Shanks started his daily radio show in March 2007 on WIFN 105.5 The Fan in Macon. The show was canceled on February 9, 2009. Six weeks later, on March 23, 2009, Shanks' show was back on the air on the Clear Channel (now iHeartRadio) affiliate.

After 7 years at iHeartRadio, he moved his show to his own station which is affiliated with ESPN Radio starting on June 1, 2016.

Shanks has provided Braves' reports on radio stations in Athens, Georgia on WRFC, in Spartanburg, SC on WSPG and in Florence, AL on WYTK.

===Writing===
Shanks wrote a book called Scout's Honor: The Bravest Way to Build a Winning Team. He interviewed people for nine months and afterwards took six months to write the book. It is both Shanks' answer to Moneyball and the story of how the Braves became the successful organization that they are today. It tells how John Schuerholz rose through the ranks and tells the tales of individual Braves prospects, from Jeff Francoeur, Brian McCann, Adam LaRoche, John Smoltz, and Adam Wainwright. Some have questioned Shanks' objectivity in regards to John Schuerholz. Baseball writer Jon Heyman described Shanks' close relationship with John Schuerholz being "so close to John Schuerholz he’s practically his ghost writer.

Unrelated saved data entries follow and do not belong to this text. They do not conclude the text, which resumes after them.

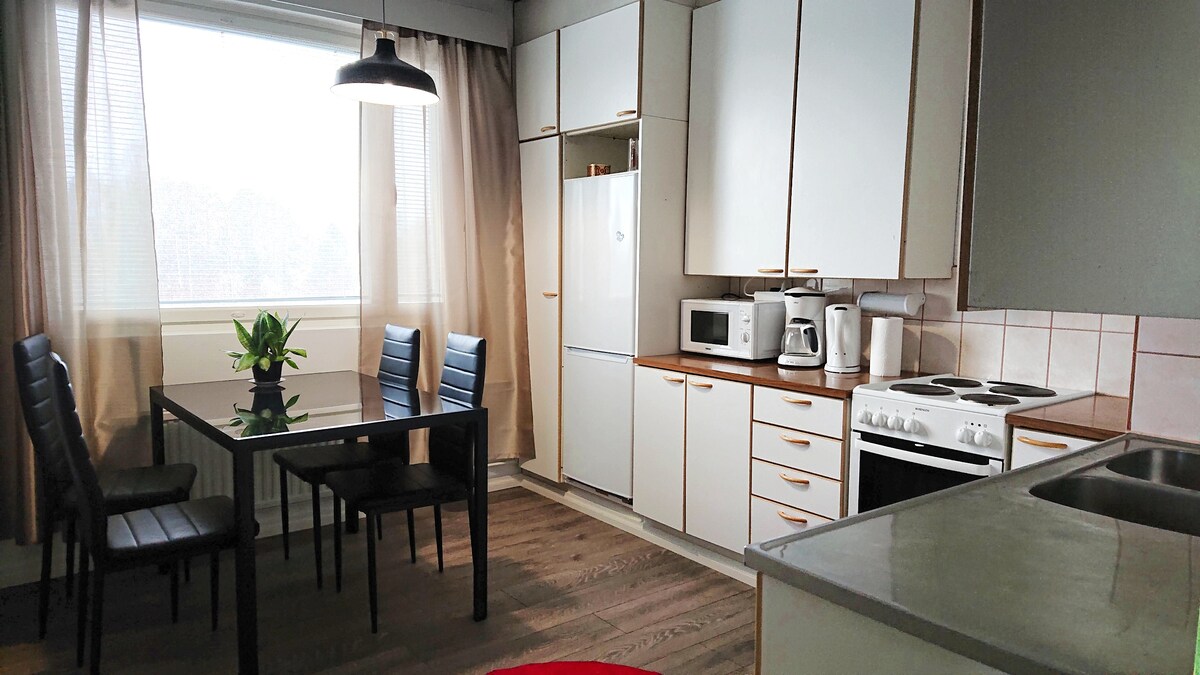 Täysin varusteltu, viihtyisä ja tilava kt-kaksio keskustan lähellä. * Wifi * Lasitettu parveke * Rauhallinen taloyhtiö * Maksuton autopaikka * Hyvät kuntoilumahdollisuudet lähellä * Ruokakauppaan 2min kävelymatka * Kaksi lounasravintolaa naapurustossa * Uimahalliin 800m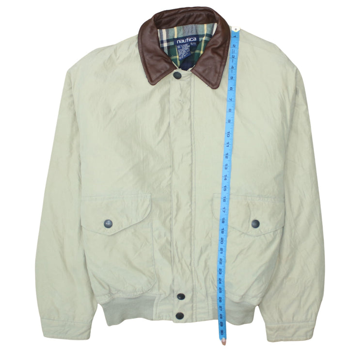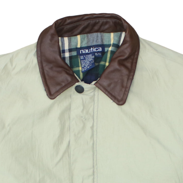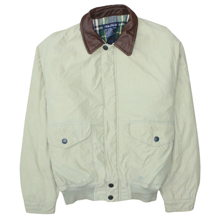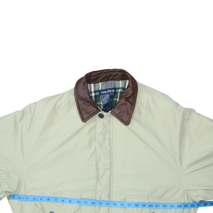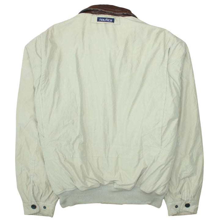 Nautica Beige Cream Jacket Men's XLarge Brown Leather Collar Button Pockets Windbreaker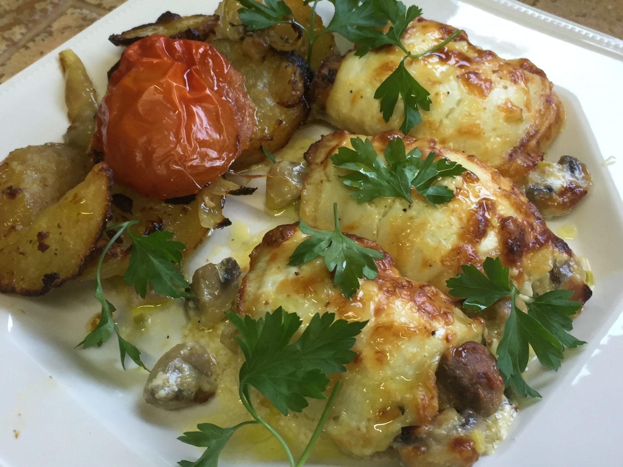 Lay the plaice fillets, skinned side up, on a board; divide the leek mixture between the fillets; fold over to cover the filling and place in the dish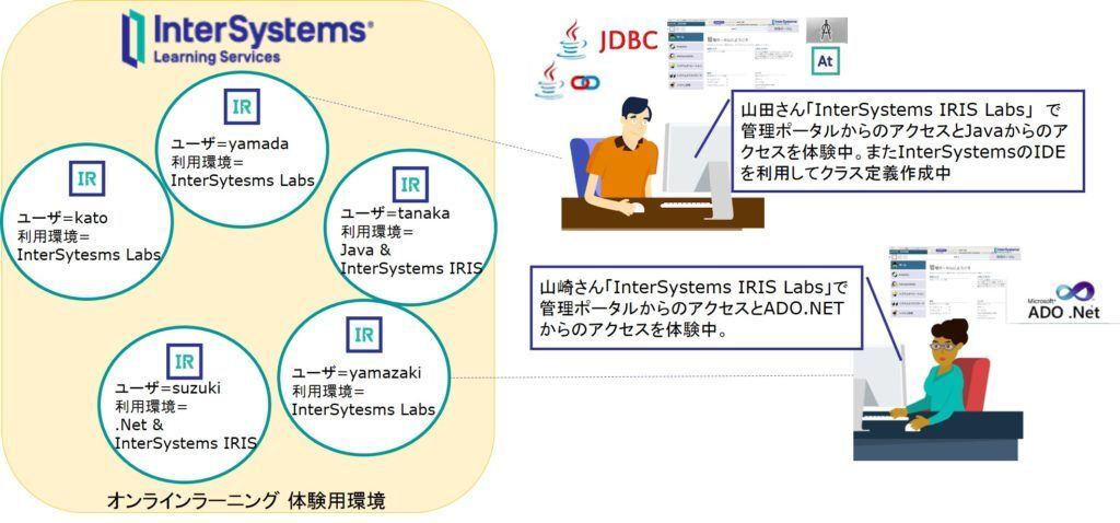 一方、オンラインラーニングでは、InterSystems 製品のサーバ側処理も含みますが、それ以外の外の世界から InterSystems 製品にアクセスする方法を解説するビデオ、体験できる演習環境付きコースを多数ご用意しています。
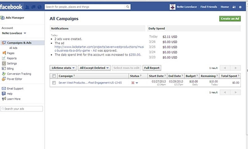 I purchased a couple Ads’ from Facebook and this is a copy of the Ads tracking where they stopped all activity at $2.11.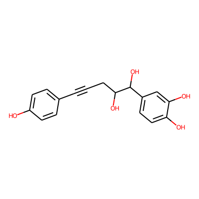 Oc1ccc(C#CCC(O)C(O)c2ccc(O)c(O)c2)cc1| HBA: | 5 | RingCount: | 2 |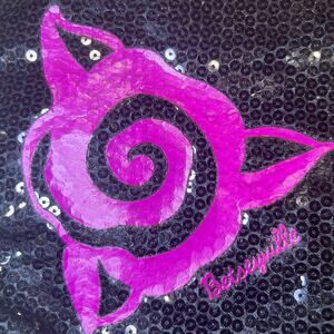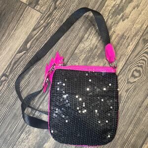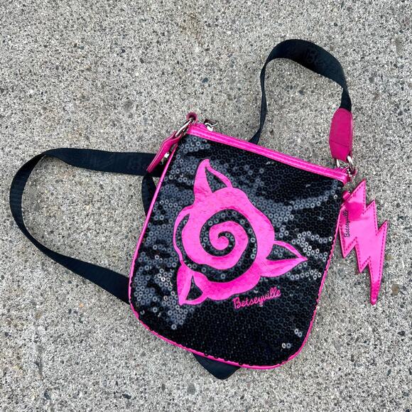 Black sequins with hot pink painted flower discontinued Betseyville crossbody bag. Hot pink lightning bolt accent. In good used condition. Slight cracking beginning on the painted flower.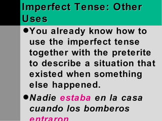 The document discusses the uses of the imperfect and preterite tenses in Spanish. The imperfect tense is used to describe situations, states, or conditions that were ongoing or habitual in the past. It can be used to indicate what the time, day, or weather was like. The preterite tense describes single, definite actions or events that occurred and were completed in the past. The document provides examples of verbs commonly used with the imperfect tense to describe states of being.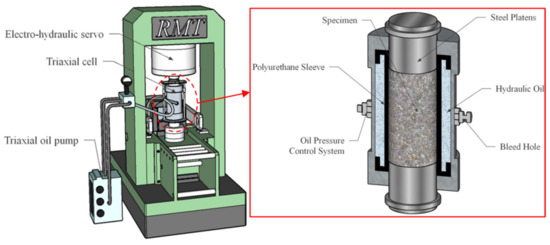 The uniaxial and triaxial compression tests were conducted on an RMT-301 test system that can realize the axisymmetric triaxial experiments. The RMT-301 test system was developed by CAS Wuhan Institute of Rock and Soil Mechanics. The vertical hydraulic cylinder was equipped with two different range force sensors and displacement sensors. Figure 1 shows the loading device for uniaxial and triaxial compression tests.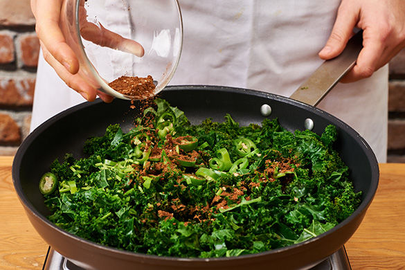 In einer großen Pfanne 1-2EL Olivenöl mittelhoch erhitzen, den Grünkohl darin mit 3-4EL Wasser, den Korianderstielen,gehackten Chili und Molegewürz ca. 2Min. braten, dann nochmals mit etwas Wasser besprenkeln und zugedeckt ca. 5-6Min. dünsten, bis der Grünkohl leicht eingefallen ist.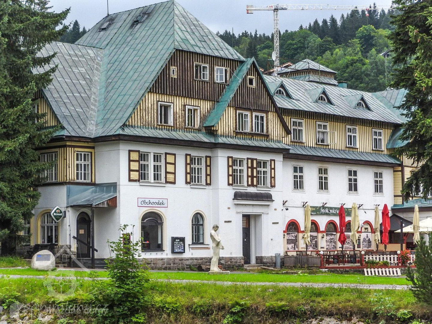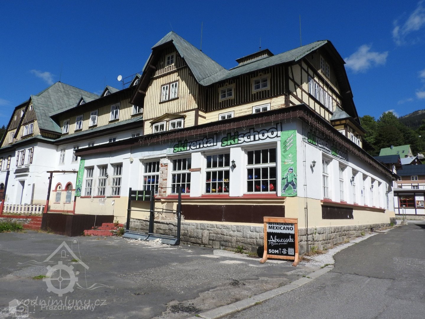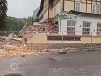 NázevBudova Pětiletky v centru Špindlerova Mlýna jde k zemi. Načerno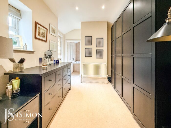 With extractor fan, heated towel rail, full floor and wall tile, spotlight lighting, wood framed double glazed sash window, built in shelving, fitted wall cupboard, mirrored vanity cupboard, and 4 piece suite of WC, basin, walk-in shower, and bath.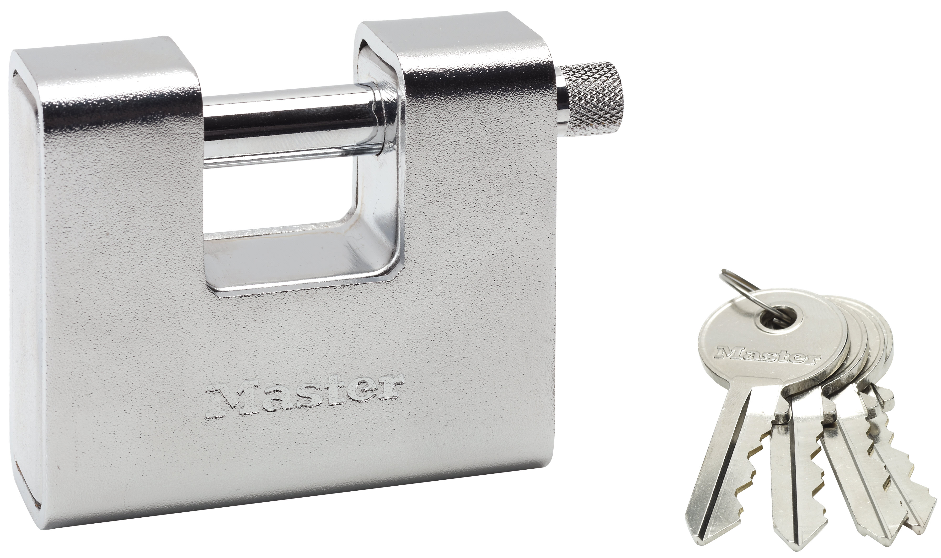 The Master Lock No. 680EURD Armoured Padlock features a 80mm wide zinc body for strength and weather resistance, and is surrounded by hardened steel for maximum strength and reliability. The fully shrouded design minimizes shackle exposure and protects against bolt cutter attacks. The 11mm diameter shackle is 14mm long and made of hardened steel, offering strong resistance to cutting and sawing. The 5-pin cylinder prevents picking and the dual locking levers prevent prying and hammering. The padlock comes with 4 keys for convenience. The Limited Lifetime Warranty provides peace of mind from a brand you can trust.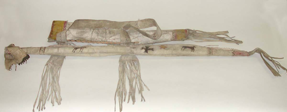 DescriptionA wooden bow with bowstring, a leather bow case, and a leather arrow quiver. The bow case and quiver are decorated with painted geometric and animal designs.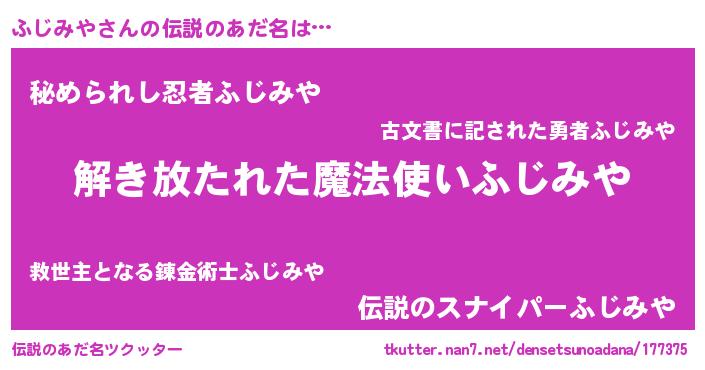 | ヒーロー風カッコイイあだ名 | 『幻影騎士フジ』『ウルトラふじみやマン』 |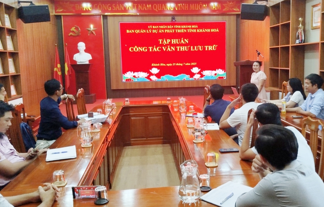 Ngày 25/7/2025, Ban Quản lý dự án Phát triển tỉnh Khánh Hòa (Ban QLDA) đã tổ chức tập huấn công tác văn thư, lưu trữ năm 2025 cho gần 20 viên chức, người lao động thuộc Phòng Quản lý dự án khu vực Nha Trang.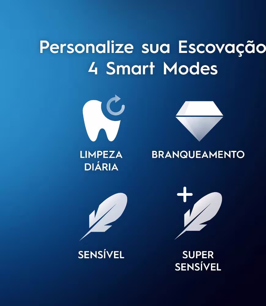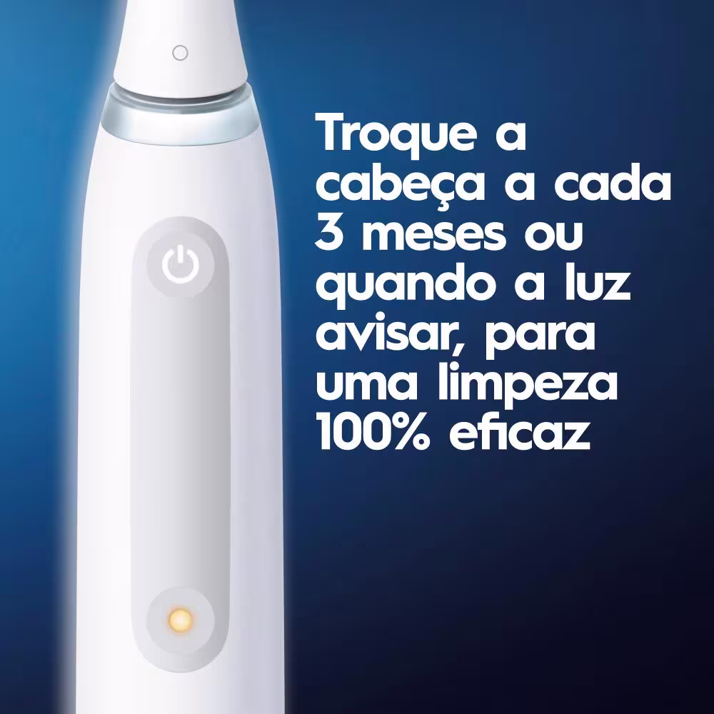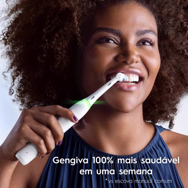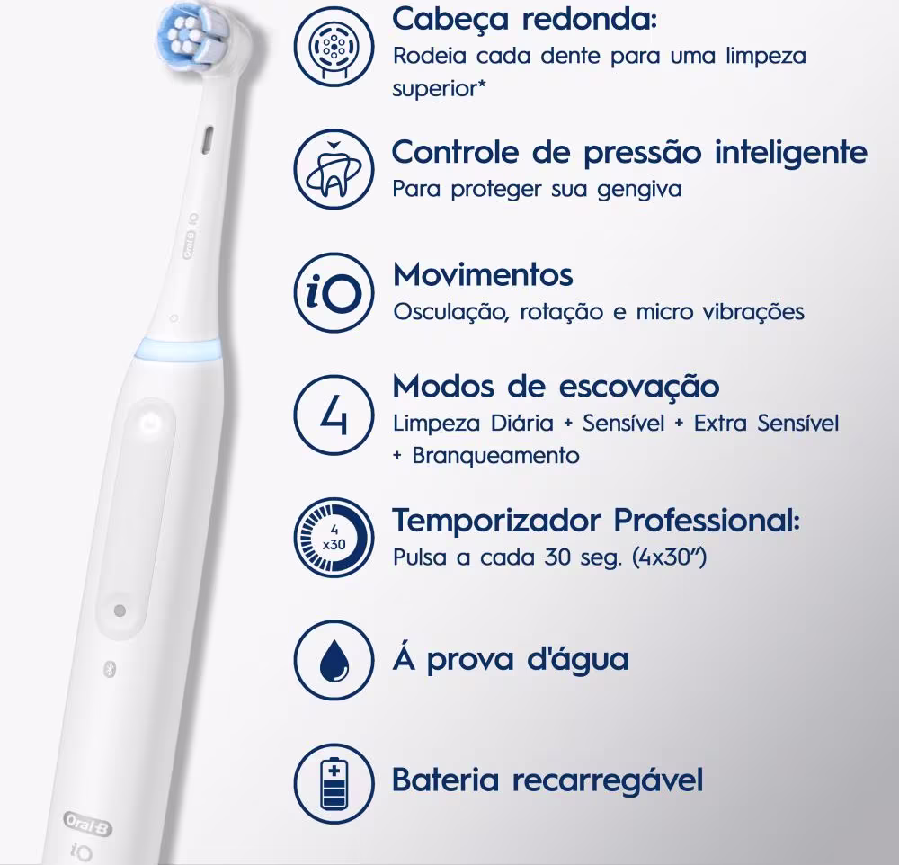 A melhor limpeza da Oral-B com a revolucionária tecnologia magnética iO: clinicamente comprovada, 100% dentes mais saudáveis em 1 semana, comparado com escova manual. O i04 te guia para uma limpeza perfeita. Com treinamento personalizado em tempo real. O aplicativo que o acompanha mostra seu relatório diário de escovação. Com 4 modos de escovação, a Oral-B está ao seu lado para suas tarefas diárias de escovação. Com sua cabeça redonda e microvibrações, gera um movimento suave e harmônico através de uma ação de limpeza sincronizada (microvibrações sincronizadas com oscilações). Um temporizador de 2 minutos incorporado garante uma experiência ainda mais fácil, ajudando você a obter uma limpeza ótima em todos os seus dentes. O temporizador de quadrante da Oral-B divide os dois minutos em quatro intervalos de 30 segundos para limpar cada quadrante da boca; nós contamos o tempo para você, então você não precisa fazê-lo. O sensor de pressão indica a pressão de limpeza ideal e avisa sobre pressão excessiva. Com uma capa de viagem incluída, você terá uma limpeza fresca onde quer que vá. Estamos com você em sua próxima viagem ou mesmo em sua escovação de tarde em movimento! O melhor de tudo é que a Oral-B traz para você, a marca número 1 recomendada por dentistas em todo o mundo*.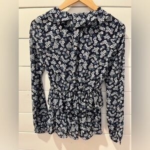 Elegant navy blouse by Michael Kors with a charming white floral print. Features include a V-neckline with tie detail, ruched bodice, long sleeves with buttoned cuffs, and a flattering peplum silhouette. Tagged size XXS.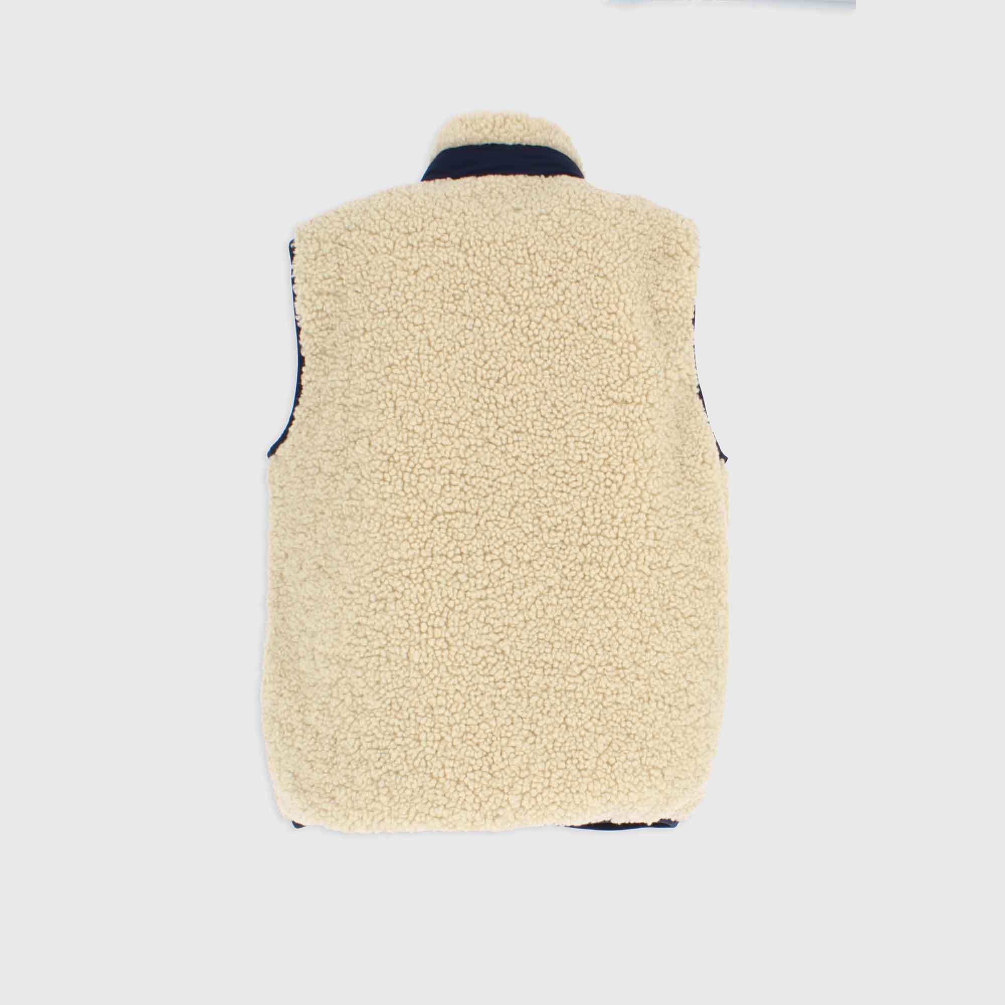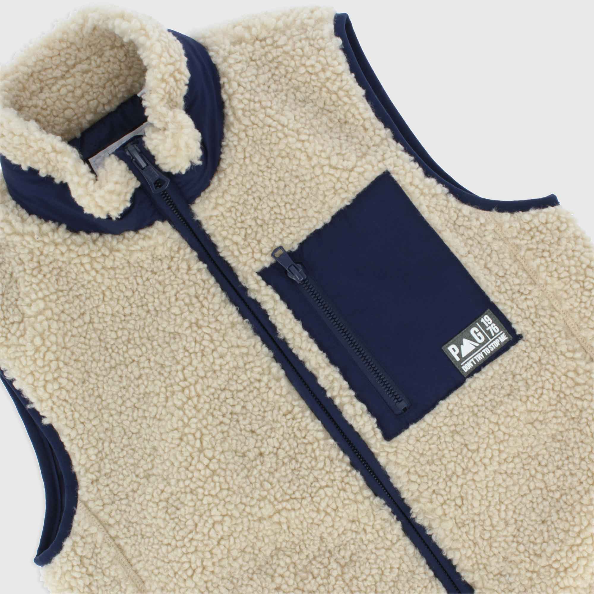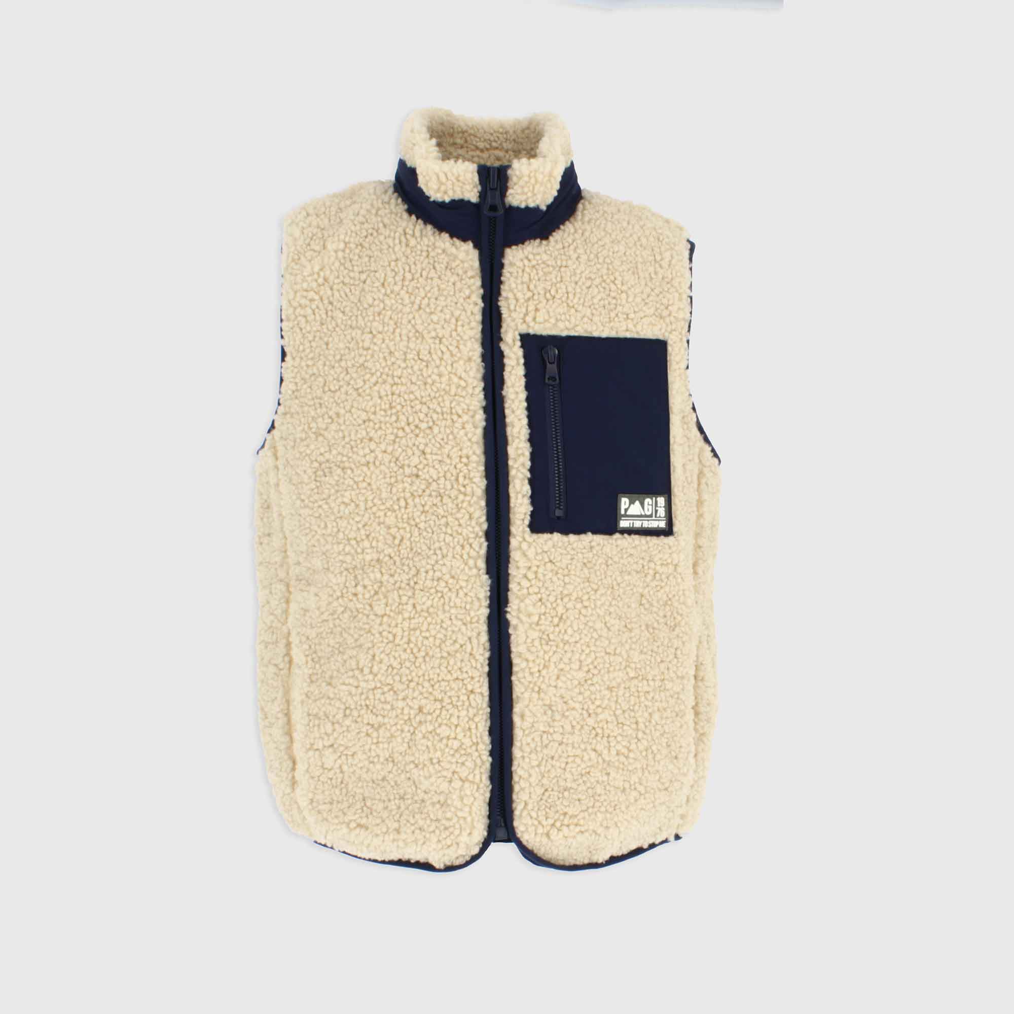 Gilet in pile effetto teddy. Chiusura con zip sul davanti. Tasca in nylon con zip. Profili a contrasto.

David Leonhardt of The New York Times described Shanks as "openly contemptuous of the Lewis book". John Conniff of Scout.com criticized the book for "fail[ing] to develop any type of coherent argument, structure, or evidence to support his contention or to more importantly explain the reasons for the Braves success". The Sun-Sentinels Mike Berardino praised the book for "present[ing] a fascinating and long-overdue look at Atlanta's baseball dynasty".

===Controversy===

On May 3, 2016 Shanks authored a controversial column in the Macon Telegraph advocating the return of Chief Noc-A-Homa as the Braves mascot Shanks also called for a return of the teepee in the bleachers. The article immediately received criticism and the Macon Telegraph deleted the article within a few hours. The Telegraph’s sports editor claimed on Twitter that the piece was pulled because Shanks "had a better idea for a column."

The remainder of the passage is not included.